The ground, extending to 5.3 hectares, was acquired in 1782 by the 9th Earl of Moray from the Heriot Trust. The land contained Drumsheugh House, Moray House and its service block, and large gardens lying between Charlotte Square and the Water of Leith.

In 1822 his son, Francis Stuart, 10th Earl of Moray, commissioned the architect James Gillespie (later known as James Gillespie Graham after marriage into the wealthy Graham family) to draw up plans to build over 150 huge townhouses on the land. The houses were set on large plots, even by surrounding New Town standards, and were complemented by a series of private gardens, most notably on the slopes of the Water of Leith.

The scheme was curtailed on its south side due to the proposed new road and bridge (suggested and partly funded by John Learmonth who owned lands on the west bank of the Water of Leith), which culminated in the construction of Dean Bridge 1829/31. Land south of this road line, including the Drumsheugh House section, were not developed until later (parcelled with other lands in the West End).

Sales were begun (from plan) by auction on 7 August 1822. Over and above the cost of the plot, purchasers agreed to a build cost of £2000 to £3000 (depending on the plot) and an annual fee of £30. A "penalty clause" also imposed a fine of £100 on buildings not completed within 30 months. If comparing these prices to the norm, even for the affluent New Town this was perhaps ten times more than might have been expected. While the houses were among the largest ever built, this clearly guaranteed an exclusivity from the outset.

While the majority of plots sold well and quickly (some of the corner plots were less popular, mostly being completed in the 1850s) the scheme as a whole was completed in 1858. The final phase included a central section on Great Stuart Street on the east side between Ainslie Place and Randolph Place, and the two corner blocks on Ainslie Place flanking the access to St Colme Street/Albyn Place.
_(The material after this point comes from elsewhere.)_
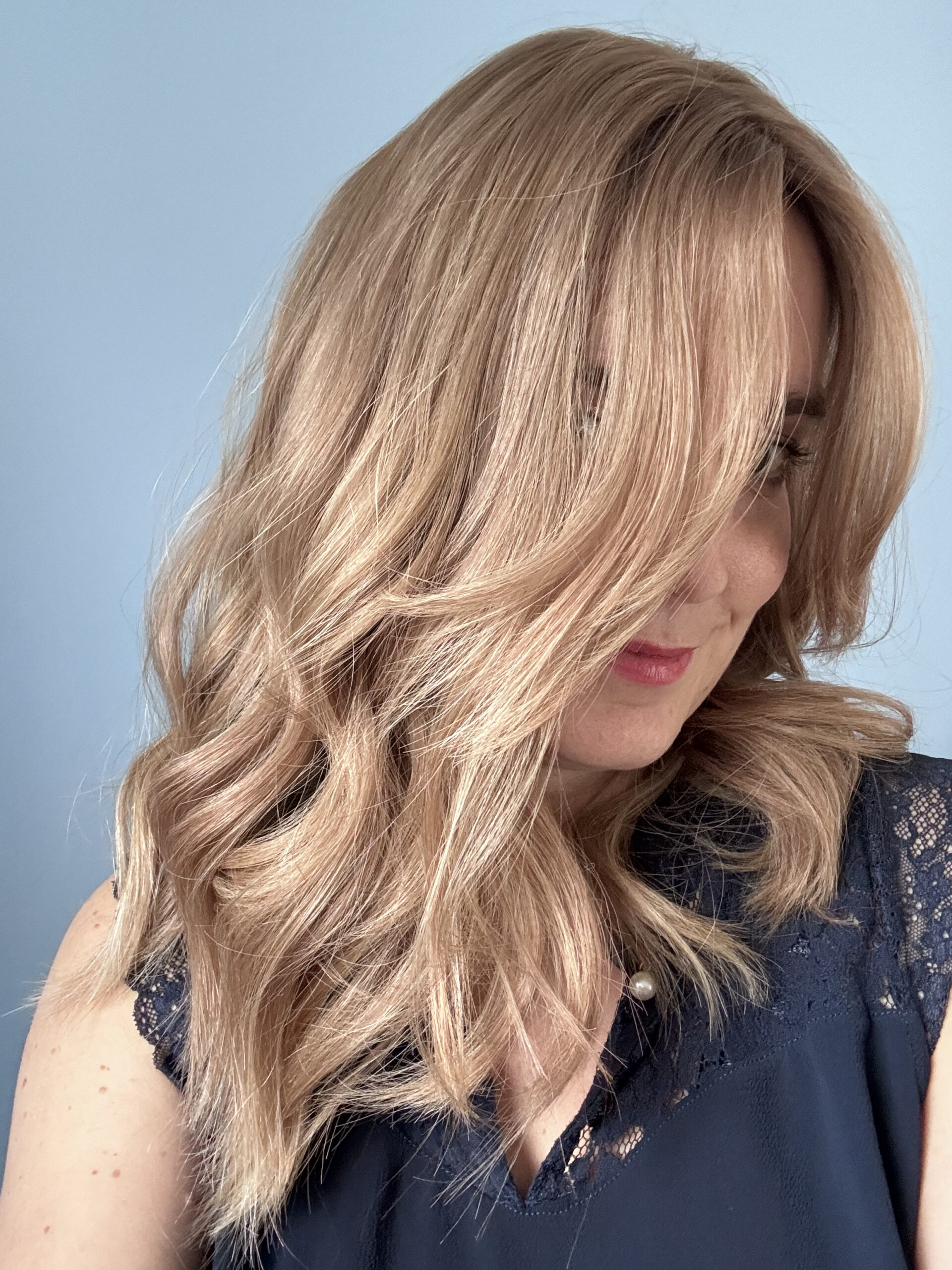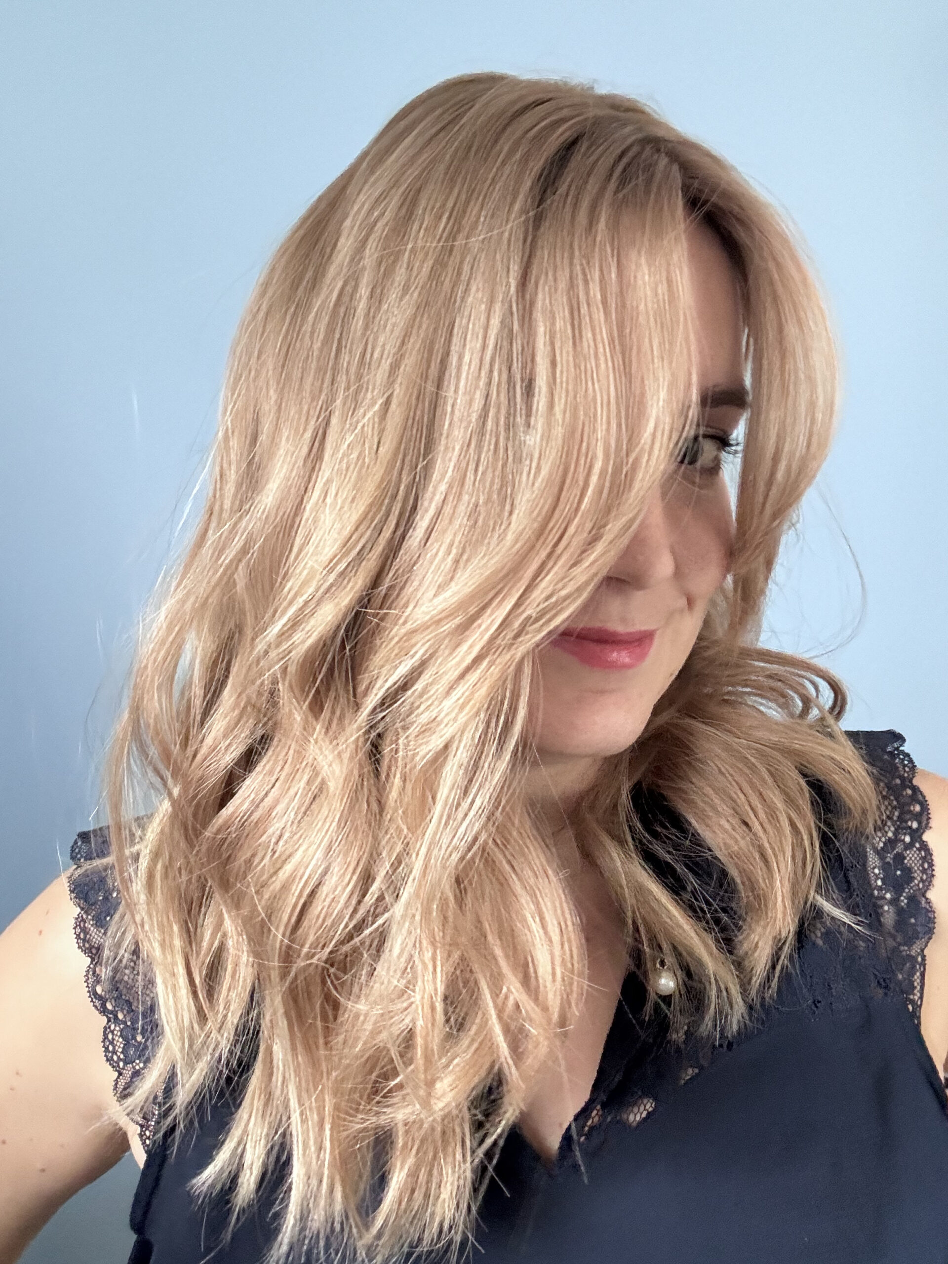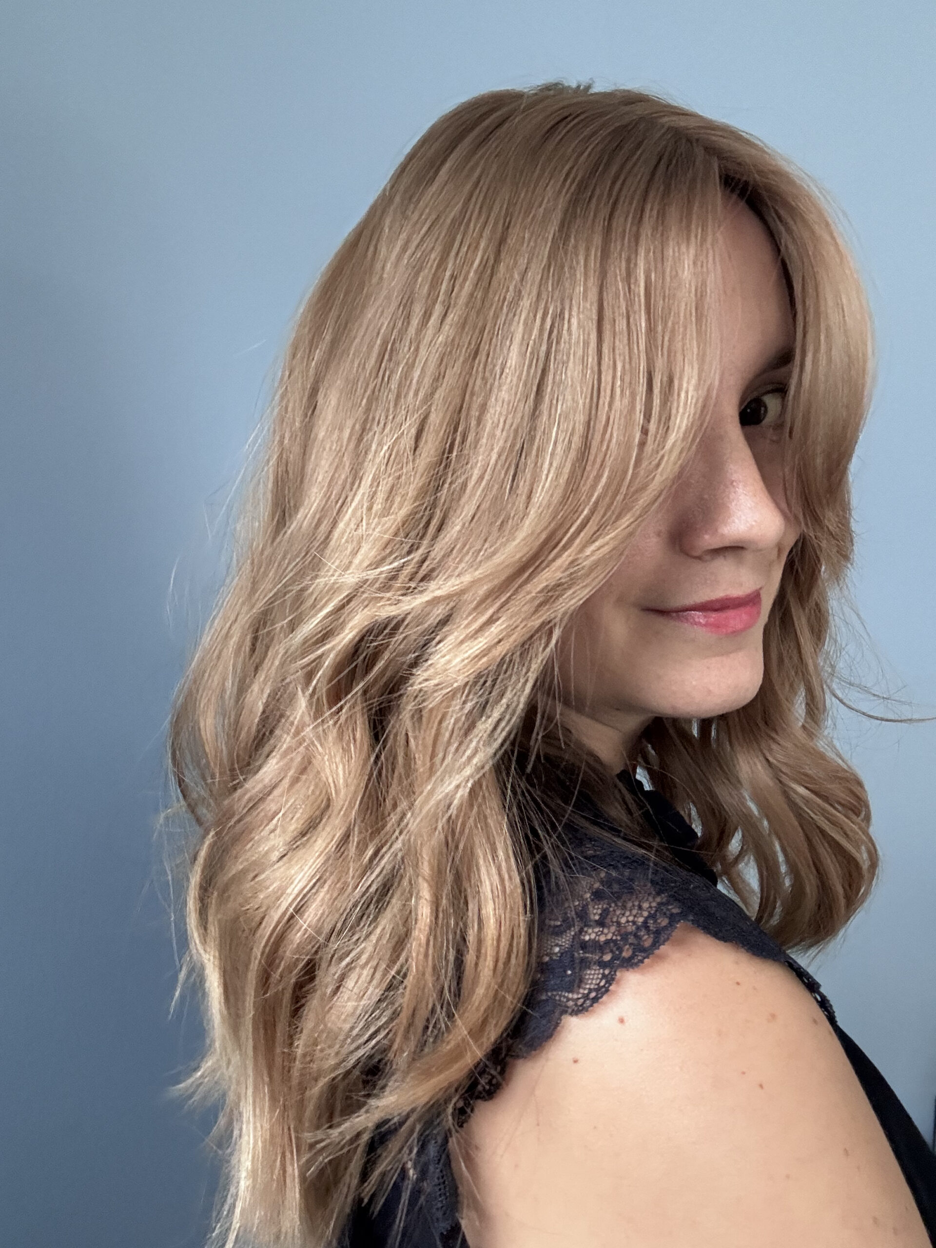 Ce modèle a une frange rideau longue et une coupe diadème.

As one of the most affluent areas in Edinburgh, it set a trend. Glazing was changed to one-over-one format over almost the entire estate by 1950, but when architectural conservation came to the fore in the 1970s, it was one of the first areas to almost wholly restore windows to their original form.

Most basements throughout the estate are now separate properties and many of the blocks are divided into flats.

The entire scheme was designed as a residential enclave with the exception of Wemyss Place, which had ground floor commercial properties and a church in its centre. This church, by John Thomas Rochead does not look like a church and blends with the street. It was originally St Stephen's Free Church created in 1847 for Rev Gillies. Whilst intended as residential many properties became commercial through the years and by the 1970s these commercial uses exceeded 50%. This has reversed in recent years.

The street lights were originally individual tallow lamps. A unified gas lighting design and system was introduced by John Kippen Watson in the 1860s and this was converted to electric around 1910. However, the original lamps were mainly removed and replaced by modern lamp-posts in the 1960s. Edinburgh's New Town Conservation Area Committee restored electric versions of the original lamps in the 1980s. For some reason Forres Street was omitted from this upgrade and that street still has two 1960s lamp-posts.

== Form ==

The general form of the estate is as four storey and basement houses, set back behind the front basement area, and with a private garden to the rear. The continuous form necessitates a different solution on the corner blocks: these generally have a ground floor and basement duplex unit accessed from the more important street and flats above accessed from the secondary street. These either have no garden or a detached garden. From the pavement a flight of steps gives independent access to the basement, generally a service area. A short flight of steps rise to the main entrance, usually supported on a stone arch.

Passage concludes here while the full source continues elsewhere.